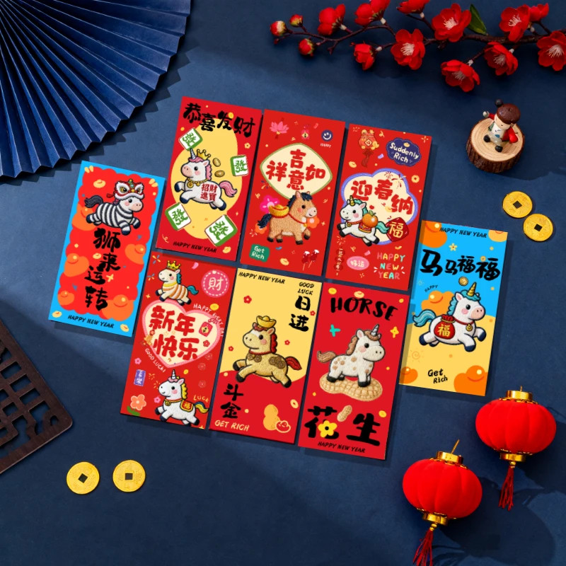 M爆款2026款卡通手绘福马萌马系列平面刺绣风格可爱卡通春节红包 - 国货严选 工厂店
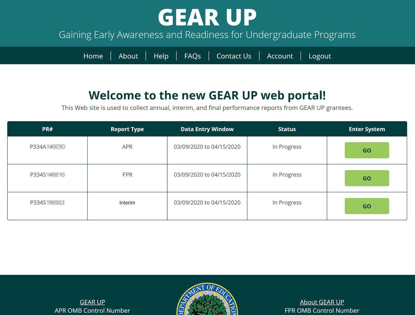 After accepting the disclaimer, you will be able to access the GEAR UP system home page.
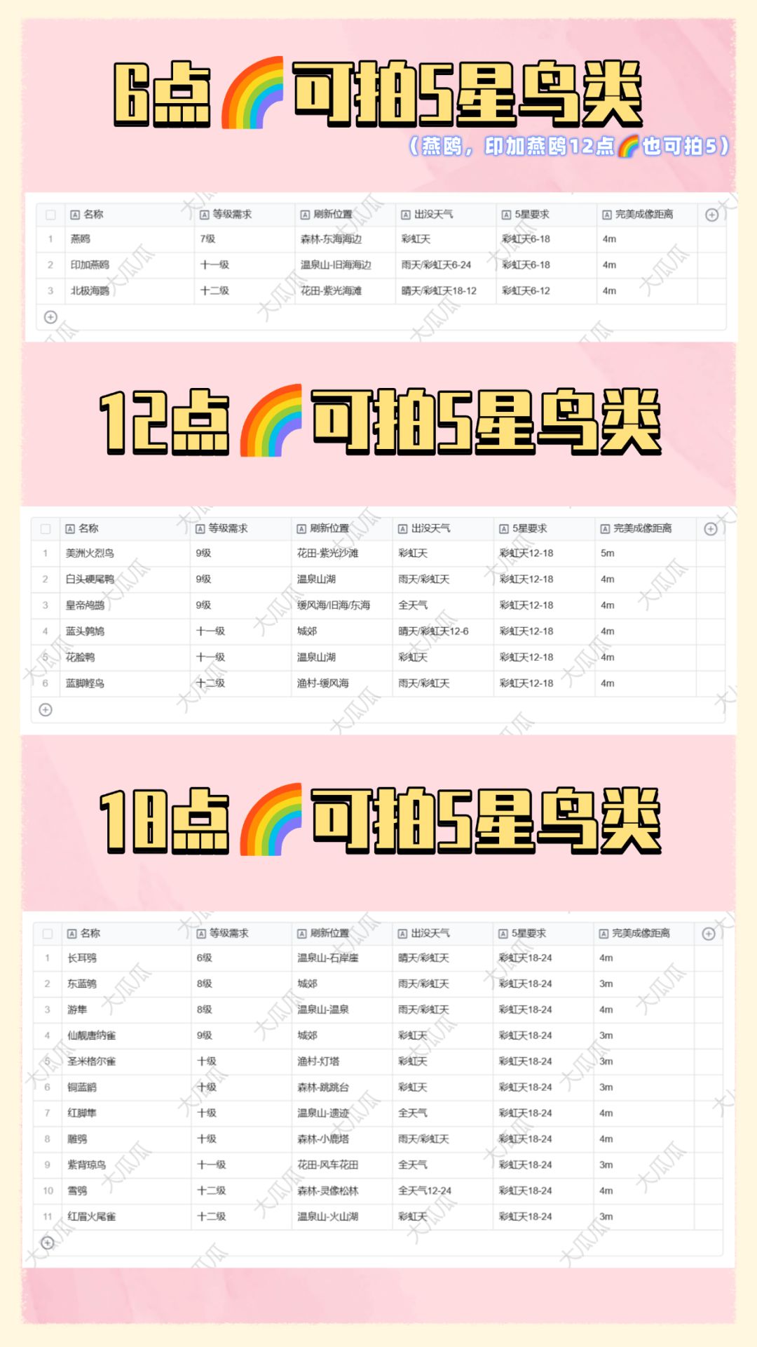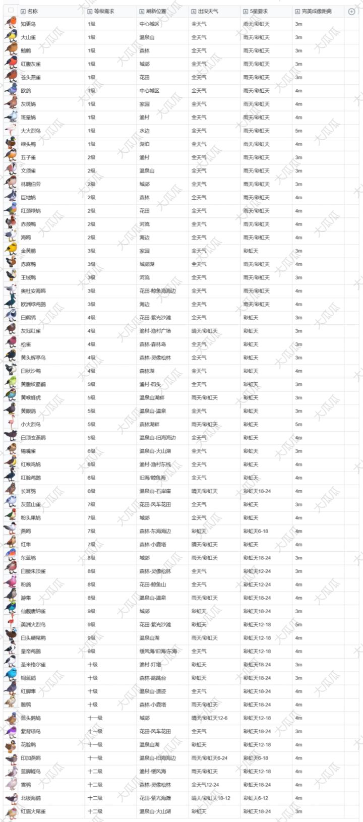 注意:雨天1-3级鸟类0-6拍不到5星动作,甚至3星都难拍是所有鸟。(除非用道具)

# What is required
Output each line above exactly. Skip the images.

# Expected output
 M爆款2026款卡通手绘福马萌马系列平面刺绣风格可爱卡通春节红包 - 国货严选 工厂店
 After accepting the disclaimer, you will be able to access the GEAR UP system home page.
 注意:雨天1-3级鸟类0-6拍不到5星动作,甚至3星都难拍是所有鸟。(除非用道具)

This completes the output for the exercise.